Open GXY2017 opened 3 years ago
I have the same issue, this seems to come from the usage of "-1" as default filling value when the dtype is object and the array is numpy:
import pyitlib.discrete_random_variable as drv
import numpy as np
drv.entropy_conditional(np.array([['A', 'B', 'R'], ['A', 'B', 'A']]))
yields
File "C:\Miniconda3\envs\tools_py37\lib\site-packages\pyitlib\discrete_random_variable.py", line 3495, in entropy_conditional
fill_value_Alphabet_Y))
File "C:\Miniconda3\envs\tools_py37\lib\site-packages\pyitlib\discrete_random_variable.py", line 4689, in _map_observations_to_integers
Fill_values = [L.transform(np.atleast_1d(f)) for f in Fill_values]
File "C:\Miniconda3\envs\tools_py37\lib\site-packages\pyitlib\discrete_random_variable.py", line 4689, in <listcomp>
Fill_values = [L.transform(np.atleast_1d(f)) for f in Fill_values]
File "C:\Miniconda3\envs\tools_py37\lib\site-packages\sklearn\preprocessing\_label.py", line 277, in transform
_, y = _encode(y, uniques=self.classes_, encode=True)
File "C:\Miniconda3\envs\tools_py37\lib\site-packages\sklearn\preprocessing\_label.py", line 122, in _encode
check_unknown=check_unknown)
File "C:\Miniconda3\envs\tools_py37\lib\site-packages\sklearn\preprocessing\_label.py", line 51, in _encode_numpy
% str(diff))
ValueError: y contains previously unseen labels: [-1]
However when I specify a different filling value I get other problems
drv.entropy_conditional(np.array([['A', 'B', 'R'], ['A', 'B', 'A']]), fill_value='na')
yields
File "<ipython-input-7-f3179c2d30c8>", line 1, in <module>
drv.entropy_conditional(np.array([['A', 'B', 'R'], ['A', 'B', 'A']]), fill_value='na')
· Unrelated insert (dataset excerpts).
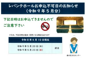 平素は、垂水区文化センターをご利用いただきありがとうございます。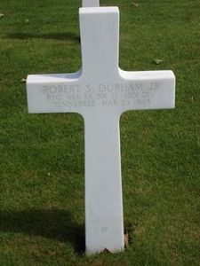 Pfc Robert Durham Jr. enlisted 29 April 1943 at Fort Oglethorpe, Georgia. There he took his parachute training.Source of information: André Koch, www.wwiimemorial.com, www.archives.gov - WWII Enlistment Record, www.ancestry.com - 1930 Census, www.ww2-airborne.us
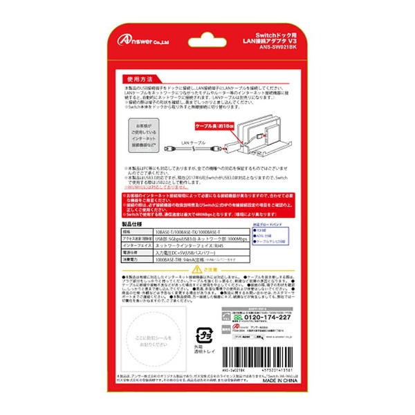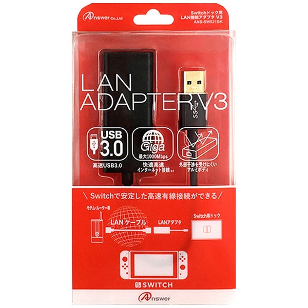 | 商品名 | Switchドック用 LAN接続アダプタ V3 ブラック [ANS-SW021BK] |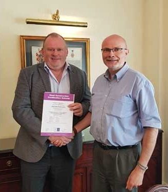 SCCS Chairman Dr. Simon Pike (right) presents Elland Steel Chairman and Managing Director Mark Denham with the certificate.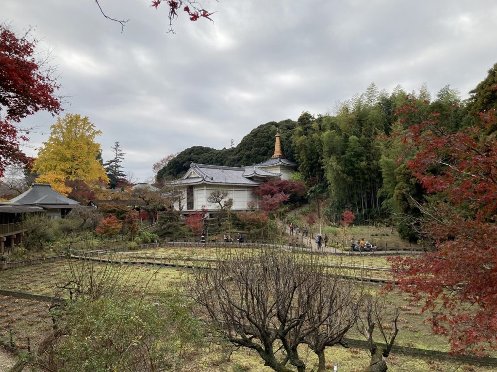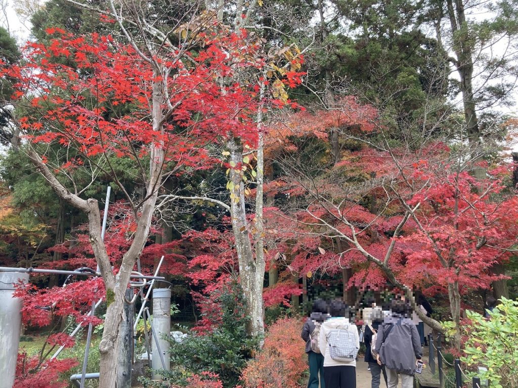 本堂側に抜けることが出来ますが、本堂の裏側の道を行くと、道の周りは色とりどりの紅葉で最高に綺麗です。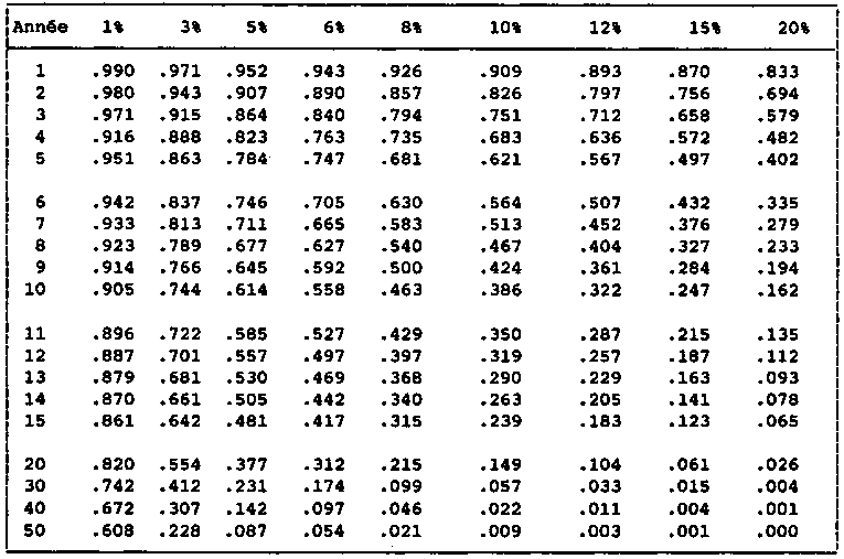 Pour obtenir le versement annuel uniforme à effectuer pour amortir 1 000 dollars en vingt ans à un taux dintérêt de 10 pour cent, on divise 1 000 par le coefficient 8,51. Le versement périodique à effectuer est de 117,51 dollars.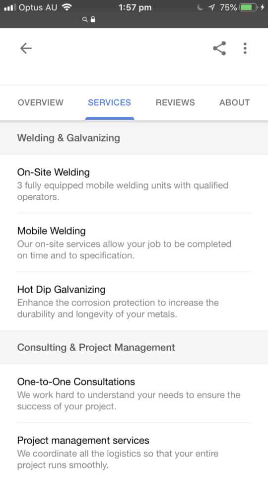 So I started looking for restaurants and hairdressers locally had their services or menu in their GMB listing. Nothing.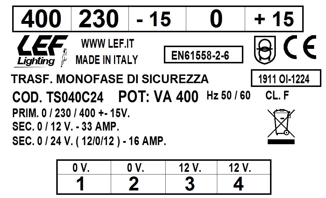 L.E.F. SRL - LEFTS040C24 TRASFORMATORE MONOFASE DI SICUREZZA 400VA 230.400V / 12÷24V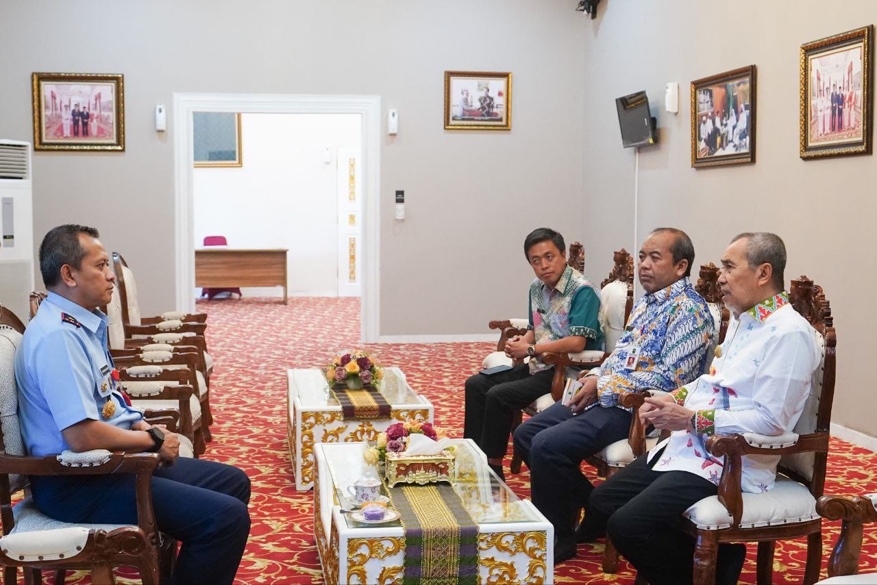 Riauaktual.com - Gubernur Riau (Gubri) Syamsuar menerima silaurahmi Komandan Lanud Roesmin Nurjadin Marsma TNI Mohammad Nurdin di Kediaman, Kamis (25/5/2023).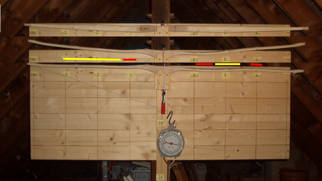 Ich hab dann den Griff etwas nachgearbeitet und so die Tips auf eine Höhe gebracht. Danach hab ich den Bogen das erste mal ausgezogen. Als die Tips auf Griffhöhe runtergezogen waren standen auf der Zugwaage schon gute 30#. Der linke Wurfarm darf insgesamt noch etwas schwächer werden. Das mach ich vermutlich erstmal über die Breite, weil er mir direkt hinter dem Fade etwas zu schmal geraten ist. Ansonsten hier meine Analyse (gelb = schwächen; rot = Finger weg)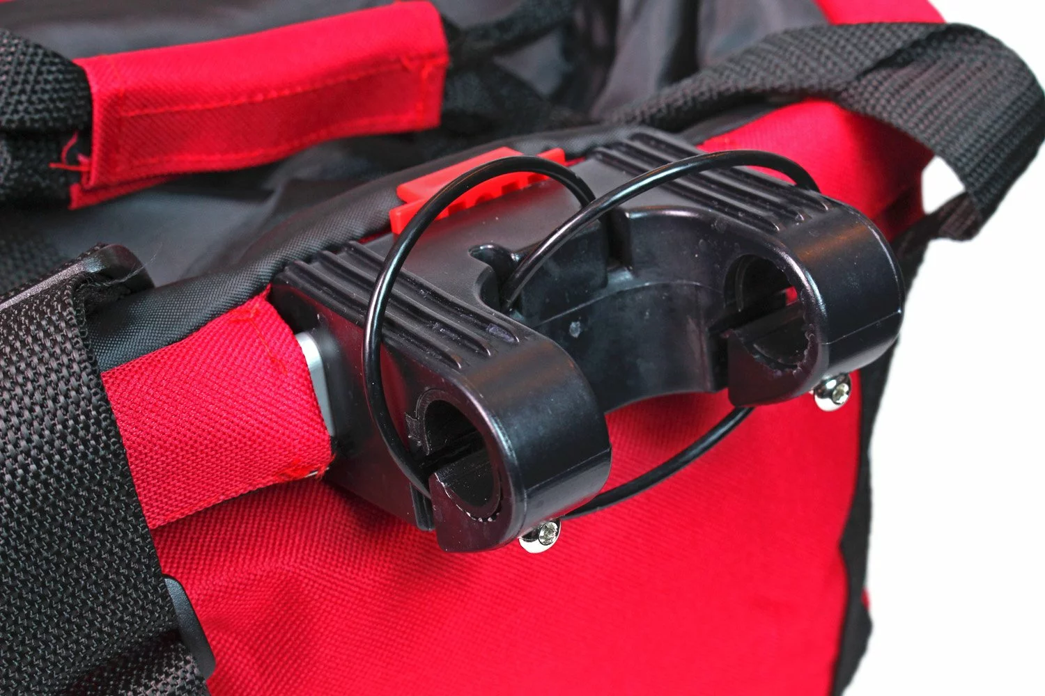 Det medfølgende beslag monteres på styret hvorefter tasken er let af sætte på eller tage af.

File "C:\Miniconda3\envs\tools_py37\lib\site-packages\pyitlib\discrete_random_variable.py", line 3495, in entropy_conditional
fill_value_Alphabet_Y))
File "C:\Miniconda3\envs\tools_py37\lib\site-packages\pyitlib\discrete_random_variable.py", line 4695, in _map_observations_to_integers
assert(np.all([A.dtype == 'int' for A in Symbol_matrices]))
AssertionError
And finally using explicit maked numpy array leads to another error:
drv.entropy_conditional(np.ma.array([['A', 'B', 'R'], ['A', 'B', 'A']]))
File "<ipython-input-9-3036d1e07c6a>", line 1, in <module>
drv.entropy_conditional(np.ma.array([['A', 'B', 'R'], ['A', 'B', 'A']]))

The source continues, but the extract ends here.